AVAILABLE RECORDS section start

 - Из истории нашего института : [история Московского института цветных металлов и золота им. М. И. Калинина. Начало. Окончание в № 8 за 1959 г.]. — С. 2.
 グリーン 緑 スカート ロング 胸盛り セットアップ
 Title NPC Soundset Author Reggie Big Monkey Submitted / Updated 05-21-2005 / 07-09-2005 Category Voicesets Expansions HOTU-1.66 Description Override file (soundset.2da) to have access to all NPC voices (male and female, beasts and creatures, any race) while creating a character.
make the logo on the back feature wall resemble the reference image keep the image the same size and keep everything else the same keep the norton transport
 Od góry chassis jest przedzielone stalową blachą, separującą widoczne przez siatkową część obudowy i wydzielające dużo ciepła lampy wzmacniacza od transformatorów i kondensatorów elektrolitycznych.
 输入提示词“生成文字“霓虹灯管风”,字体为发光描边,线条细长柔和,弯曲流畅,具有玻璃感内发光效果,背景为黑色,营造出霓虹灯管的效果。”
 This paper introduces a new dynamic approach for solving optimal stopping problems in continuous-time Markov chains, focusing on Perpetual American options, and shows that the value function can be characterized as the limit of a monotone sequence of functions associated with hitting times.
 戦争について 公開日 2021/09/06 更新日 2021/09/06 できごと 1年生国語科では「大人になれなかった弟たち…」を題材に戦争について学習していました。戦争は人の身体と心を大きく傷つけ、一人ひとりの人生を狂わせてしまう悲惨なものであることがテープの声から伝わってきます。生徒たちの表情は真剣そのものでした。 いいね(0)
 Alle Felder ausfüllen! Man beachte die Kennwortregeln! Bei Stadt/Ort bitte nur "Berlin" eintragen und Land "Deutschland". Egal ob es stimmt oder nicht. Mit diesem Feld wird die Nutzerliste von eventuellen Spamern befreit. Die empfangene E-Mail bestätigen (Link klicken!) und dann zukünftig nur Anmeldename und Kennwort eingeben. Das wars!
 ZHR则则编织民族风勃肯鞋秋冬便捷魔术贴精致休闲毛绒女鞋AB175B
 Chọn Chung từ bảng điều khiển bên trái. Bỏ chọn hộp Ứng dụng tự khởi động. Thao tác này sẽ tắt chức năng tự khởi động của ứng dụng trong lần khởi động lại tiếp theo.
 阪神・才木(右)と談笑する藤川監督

AVAILABLE RECORDS section end
AVAILABLE RECORDS section start

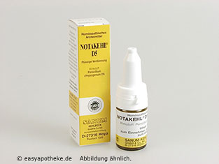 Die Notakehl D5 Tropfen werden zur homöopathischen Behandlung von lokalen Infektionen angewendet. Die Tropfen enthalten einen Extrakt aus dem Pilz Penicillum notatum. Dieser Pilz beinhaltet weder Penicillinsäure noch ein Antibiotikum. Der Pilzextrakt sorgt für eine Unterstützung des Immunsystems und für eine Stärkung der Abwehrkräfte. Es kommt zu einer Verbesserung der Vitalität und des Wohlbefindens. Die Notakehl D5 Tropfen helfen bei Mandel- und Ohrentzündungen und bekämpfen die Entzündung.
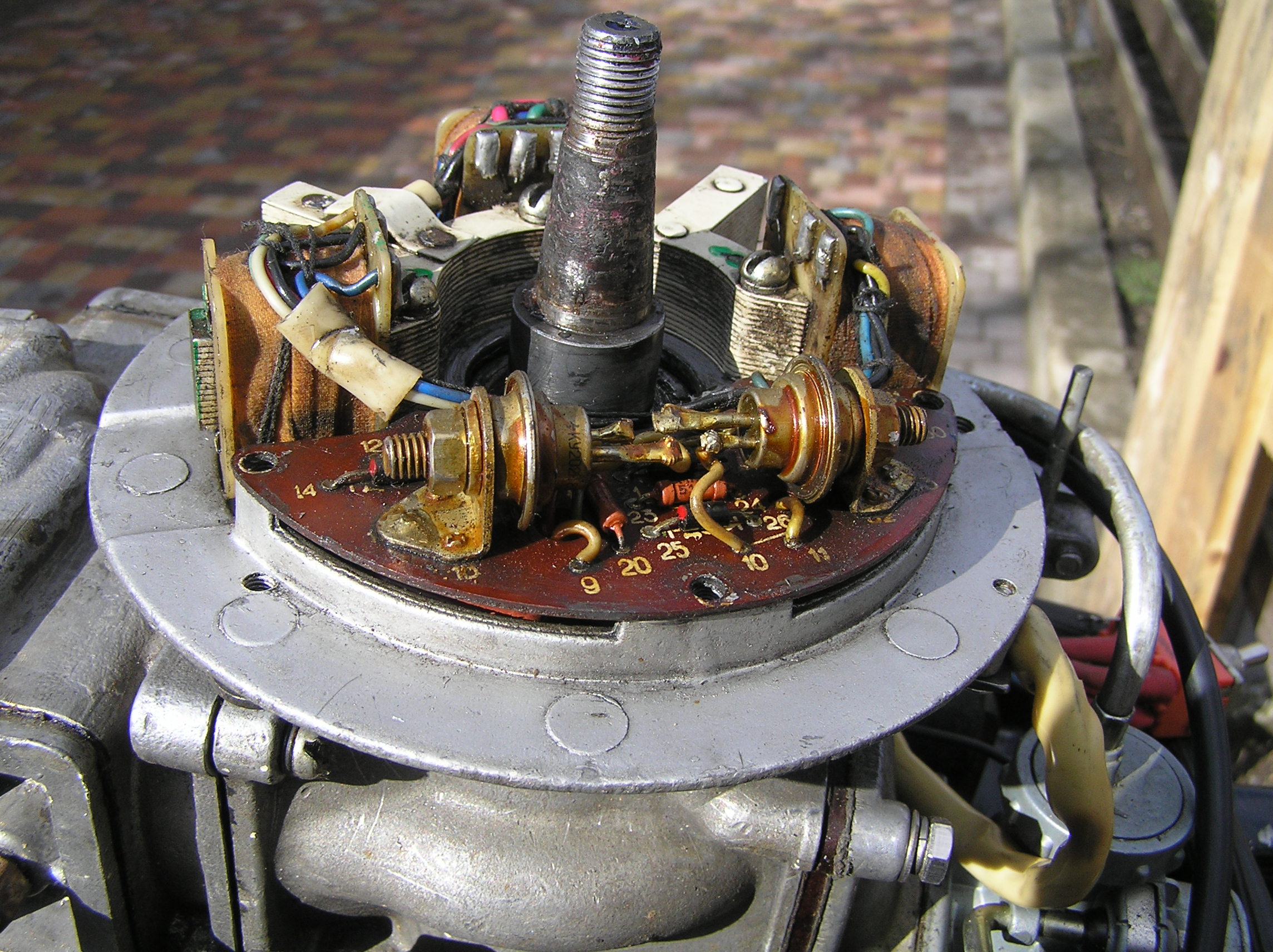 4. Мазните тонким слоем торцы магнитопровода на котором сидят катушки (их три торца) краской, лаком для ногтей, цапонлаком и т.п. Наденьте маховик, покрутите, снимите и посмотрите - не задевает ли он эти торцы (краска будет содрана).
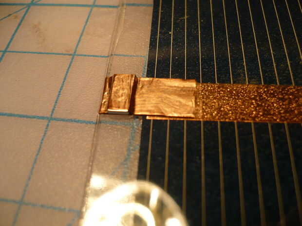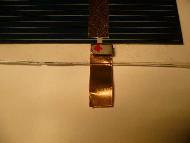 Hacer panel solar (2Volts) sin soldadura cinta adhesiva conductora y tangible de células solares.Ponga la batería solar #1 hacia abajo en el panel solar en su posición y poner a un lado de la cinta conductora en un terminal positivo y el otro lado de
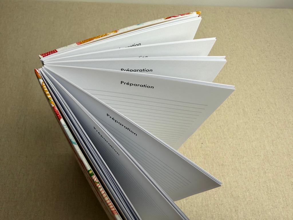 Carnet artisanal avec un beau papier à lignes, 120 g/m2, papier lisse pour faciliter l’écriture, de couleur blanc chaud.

AVAILABLE RECORDS section end

## YOUR TASK
Please give an exact copy of the entries above, from the line with "グリーン 緑 スカート ロング 胸盛り セットアップ" down to the line with "Title NPC Soundset", inclusive, and nothing else.

## TASK RESULT
 グリーン 緑 スカート ロング 胸盛り セットアップ
 Title NPC Soundset Author Reggie Big Monkey Submitted / Updated 05-21-2005 / 07-09-2005 Category Voicesets Expansions HOTU-1.66 Description Override file (soundset.2da) to have access to all NPC voices (male and female, beasts and creatures, any race) while creating a character.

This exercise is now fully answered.